Mantan Kepala Desa Karanganom Ditahan karena Terlibat Korupsi Dana Hibah Pokmas
Mantan Kepala Desa Karanganom, Kabupaten Tulungagung, Jawa Timur, Sukar resmi ditahan oleh Komisi Pemberantasan Korupsi (KPK). Penahanan ini dilakukan terkait kasus korupsi dana hibah Pokmas DPRD Jawa Timur periode 2019–2022. Sukar yang pernah berkuasa selama 34 tahun di desa tersebut kini menjadi tersangka dalam kasus ini.
Sukar pertama kali menjabat sebagai Kepala Desa Karanganom sejak tahun 1990 dan menjabat selama dua periode hingga tahun 2006. Setelah itu, posisinya digantikan oleh istrinya, Yuniarti, yang menjabat selama dua periode hingga 2018. Pada tahun 2018, Sukar kembali menjabat sebagai Kepala Desa dan akhirnya mengundurkan diri pada tahun 2024 setelah dicekal oleh KPK.
Pengunduran diri Sukar disebutkan sebagai bentuk keinginan untuk lebih fokus mengurus keluarga. Namun, ternyata pengunduran diri tersebut terjadi setelah namanya disebut sebagai salah satu dari 21 orang yang dicegah bepergian ke luar negeri oleh KPK. Hal ini terkait dengan kasus hibah Pokmas yang merupakan pengembangan dari operasi tangkap tangan (OTT) yang dilakukan KPK terhadap Wakil Ketua DPRD Jatim saat itu, Sahad Tua Simanjuntak.
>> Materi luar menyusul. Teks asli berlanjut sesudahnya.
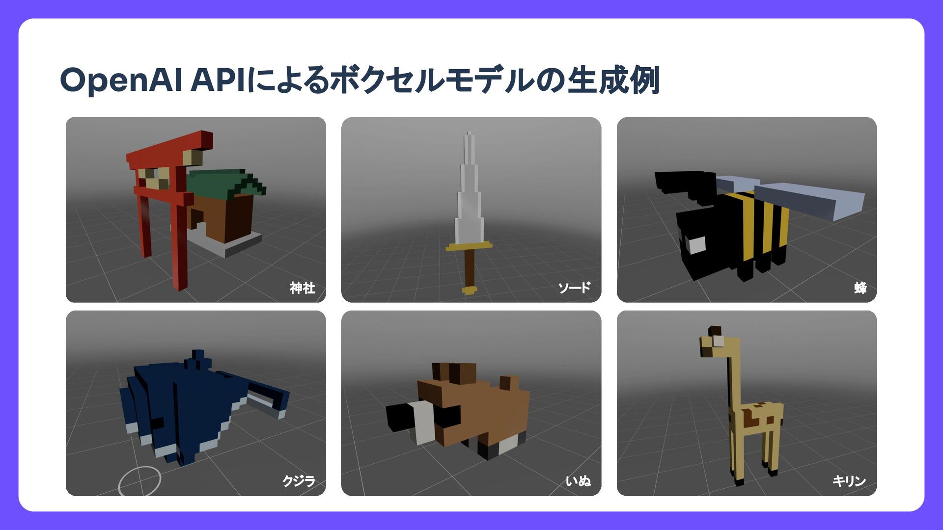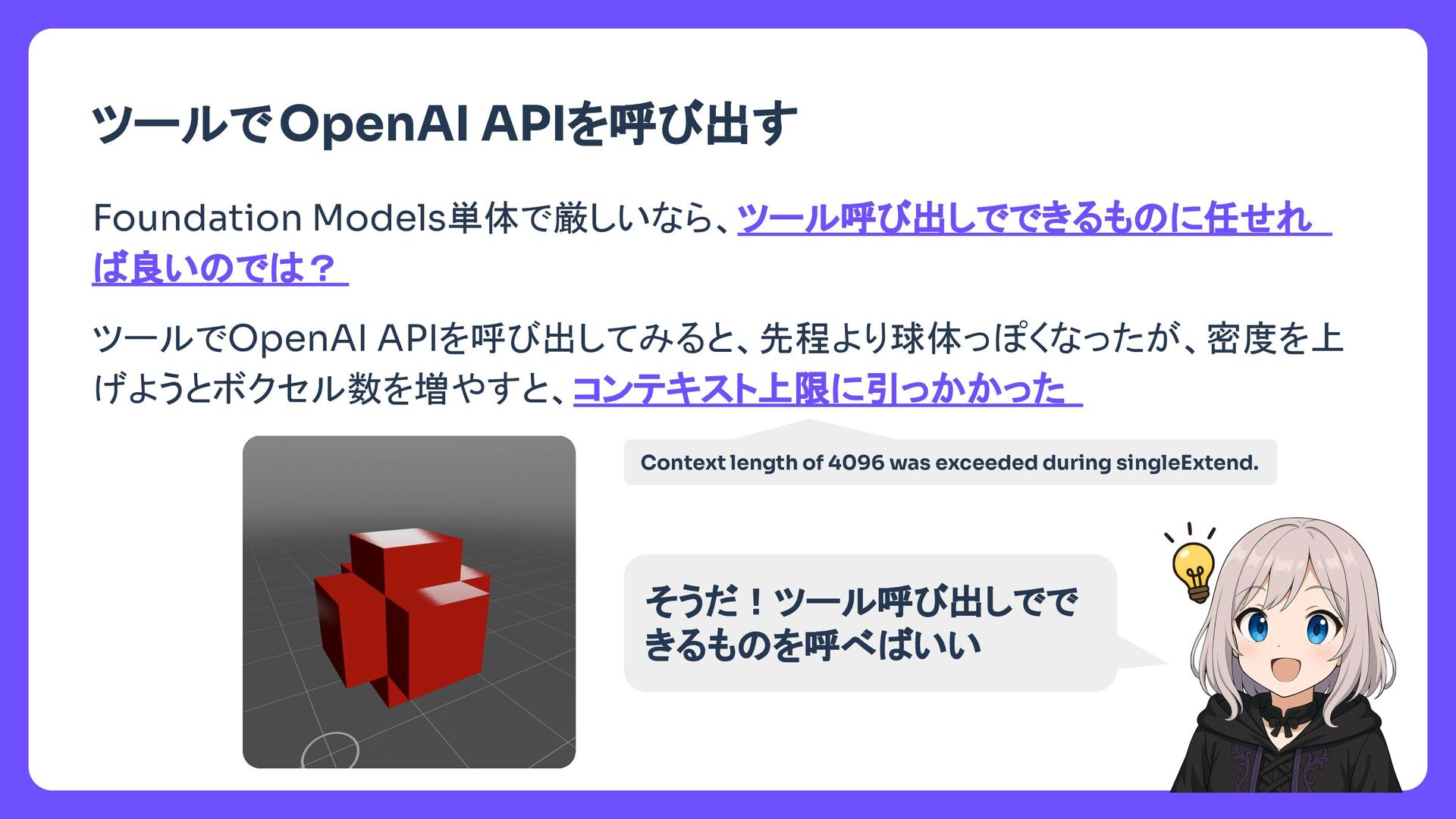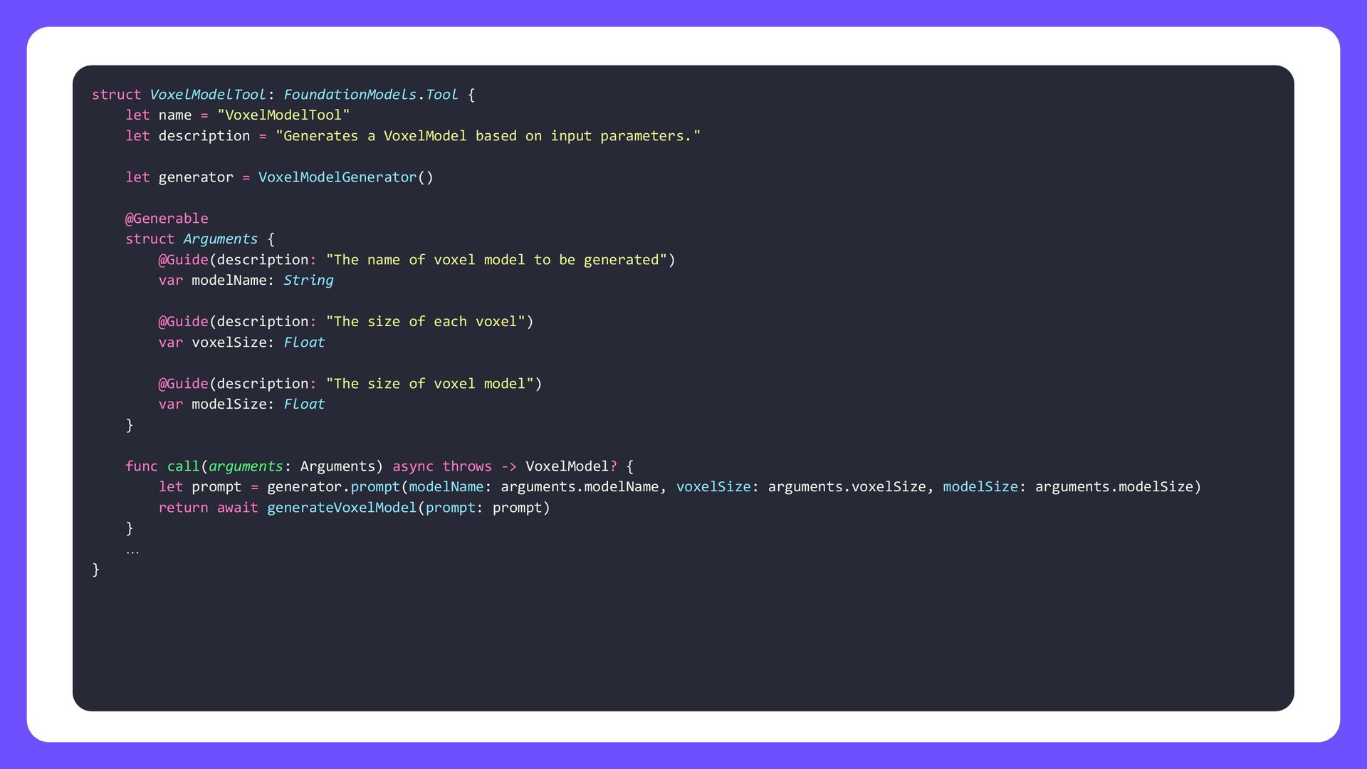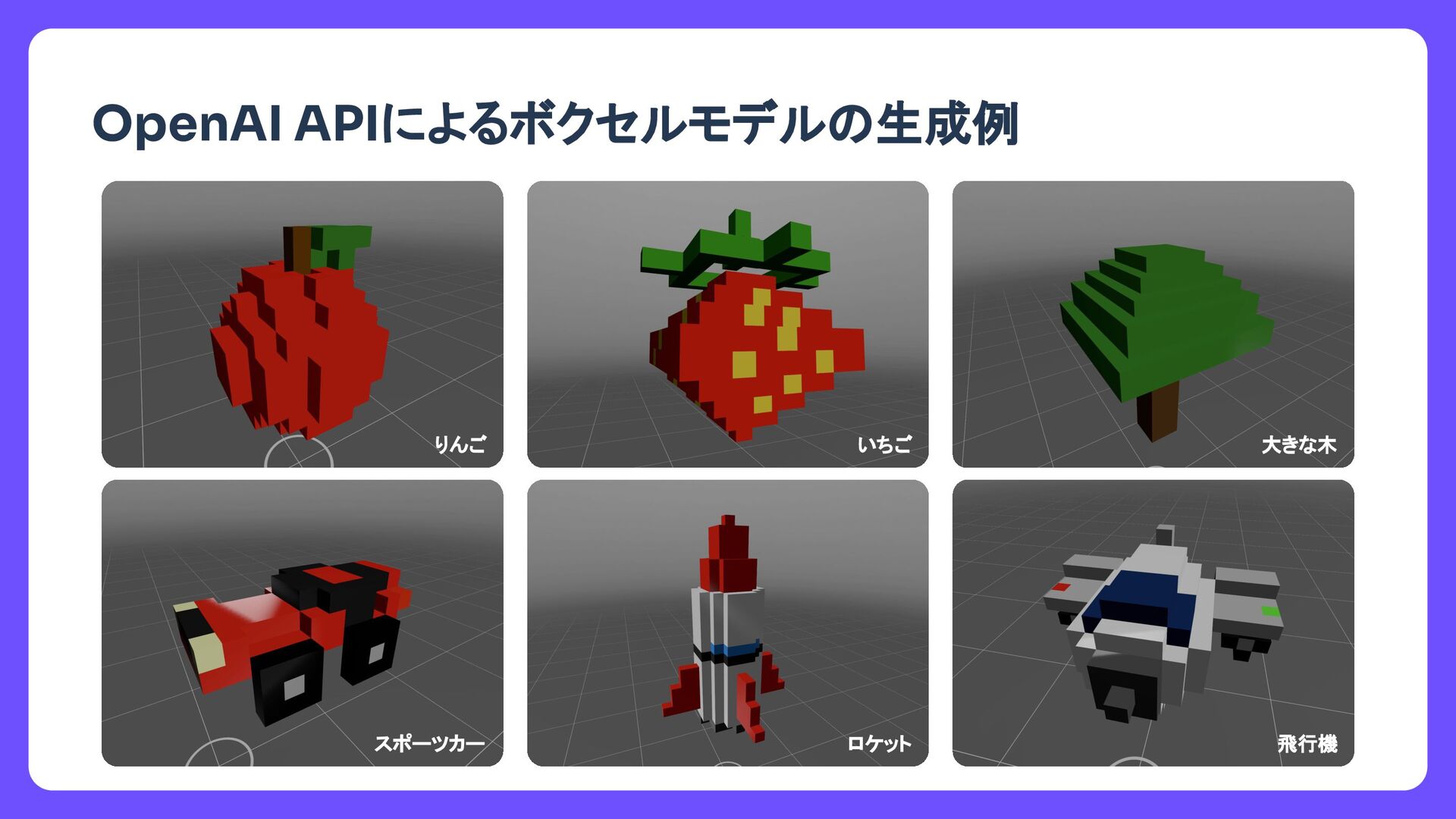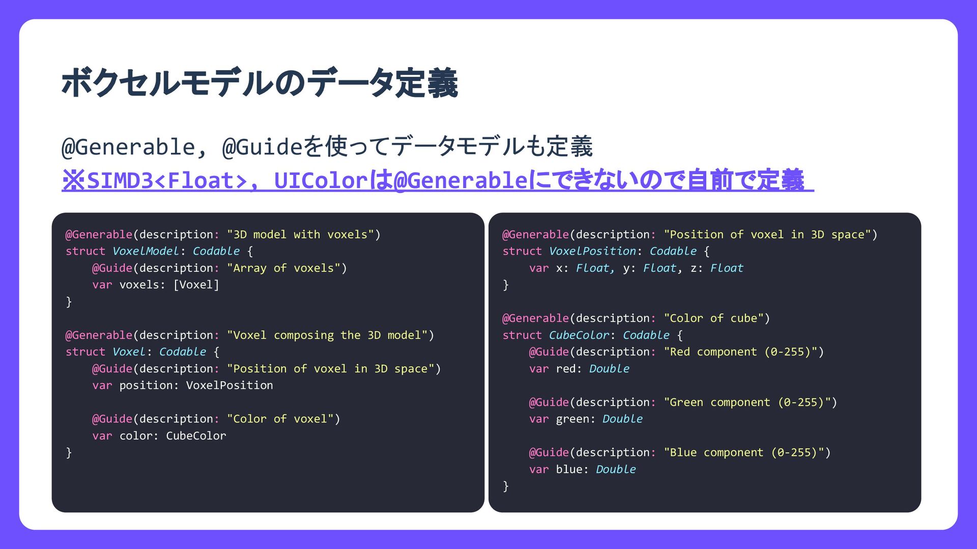 voxelSize: Float, modelSize: Float) -> String { """ あなた プロ 3Dモデラーです。 複数 ボクセル(サイズ: \(voxelSize)x\(voxelSize)x\(voxelSize))を3D空間内に配置して、\(modelName) ボクセルモデル(サイズ: \(modelSize)x\(modelSize)x\(modelSize))を作ってください 表面 ボクセル みを、以下 フォーマット JSON文字列で出力してください {"voxels":[{"position":{"x":1.0,"y":2.0,"z":3.0}, "color":{"red":255,"green":0,"blue":0}}, ...]} """ } private func generateVoxelModel(prompt: String) async -> VoxelModel? { // デフォルト 60秒でタイムアウトになりやすかった で 10分に設定 let configuration = OpenAI.Configuration(token: yourOpenAIAPIKey, timeoutInterval: 600) let openAI = OpenAI(configuration: configuration) guard let message = ChatQuery.ChatCompletionMessageParam(role: .user, content: prompt) else { return nil } let query = ChatQuery(messages: [message], model: .gpt5) guard let result = try? await openAI.chats(query: query), let jsonStr = result.choices.first?.message.content, let jsonData = jsonStr.data(using: .utf8) else { return nil } return try? JSONDecoder().decode(VoxelModel.self, from: jsonData) } }

Tersangka Lain yang Ditahan
Deputi Penindakan dan Eksekusi KPK, Asep Guntur Rahayu, menjelaskan bahwa selain Sukar, terdapat tiga tersangka lain yang juga ditahan. Mereka adalah Wawan Kristiawan (WK), pihak swasta dari Tulungagung; Hasanudin (HAS), pihak swasta dari Gresik; dan Jodi Pradana Putra (JPP), pihak swasta dari Blitar.
Satu tersangka lain, Ahmad Royan (AR) dari Tulungagung, tidak hadir dalam pemeriksaan dan meminta penjadwalan ulang karena alasan kesehatan. “Seharusnya ada lima tersangka, tapi AR berkirim surat ke KPK dan minta dijadwalkan ulang,” ujar Asep dalam konferensi pers di Gedung Merah Putih KPK, Kamis (2/10/2025).
Modus Korupsi dalam Kasus Hibah Pokmas
Asep menjelaskan bahwa dalam kasus ini, dana hibah Pokmas disalurkan bukan berdasarkan kebutuhan masyarakat, melainkan berdasarkan pesanan dengan sistem ijon atau bayar di muka. Para calon penerima hibah harus menyerahkan sejumlah uang terlebih dahulu agar proposal mereka disetujui.
Hasil penyidikan, selain Sahat, KPK telah menetapkan total 21 tersangka, termasuk Ketua DPRD Jatim Kusnadi (KUS), dua wakil ketua yaitu Anwar Sadad (AS) dan Achmad Iskandar (AI), serta staf Anwar Sadad, Bagus Wahyudiono (BGS). Mereka disebut menerima uang ijon dari para pemberi hibah.
Dari sisi pemberi terdapat 17 orang, tiga di antaranya berasal dari Tulungagung yakni Sukar, Wawan, dan Royan. Peran Sukar, Wawan, dan Royan disebut sebagai koordinator lapangan (Korlap) pengelola hibah Pokmas di Tulungagung. Mereka yang mengurus proposal, menyusun Rencana Anggaran Biaya (RAB), hingga laporan pertanggungjawaban (LPJ).
“Supaya proposal disetujui para korlap memberikan sejumlah uang kepada oknum anggota dewan. Di sinilah terjadi praktik penyuapan,” ujar Asep.
Pembagian Fee dan Penggunaan Dana Hibah
Agar terhindar dari status lelang, proyek dipecah menjadi paket-paket kecil bernilai Rp 200 juta. Untuk setiap paket, Korlap membayar Rp 30 hingga 40 juta kepada Kusnadi. Setelah itu ada pembagian fee Korlap mengambil 5–10 persen, Pengurus Pokmas mendapat 2,5 persen, dan admin proposal mendapat 2,5 persen.
Dengan demikian hanya sekitar 55 sampai 70 persen anggaran yang digunakan untuk proyek. Itupun masih dipotong lagi untuk keuntungan pelaksana proyek sekitar 10 hingga 15 persen. “Yang benar-benar dipakai untuk pembangunan hanya sekitar 40 persen,” kata Asep.